— Activity —
Of all the lines below, output only those starting at the one with "A size comparison" and ending at the one with "Butrimonys, Šalčininkai District, Lithuania", both ends included, exactly as written.

— Material for the task —
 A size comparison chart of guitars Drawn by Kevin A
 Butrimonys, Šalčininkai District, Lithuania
--
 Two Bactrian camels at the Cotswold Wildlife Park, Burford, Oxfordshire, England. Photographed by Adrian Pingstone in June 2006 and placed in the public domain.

— Result —
 A size comparison chart of guitars Drawn by Kevin A
 Butrimonys, Šalčininkai District, Lithuania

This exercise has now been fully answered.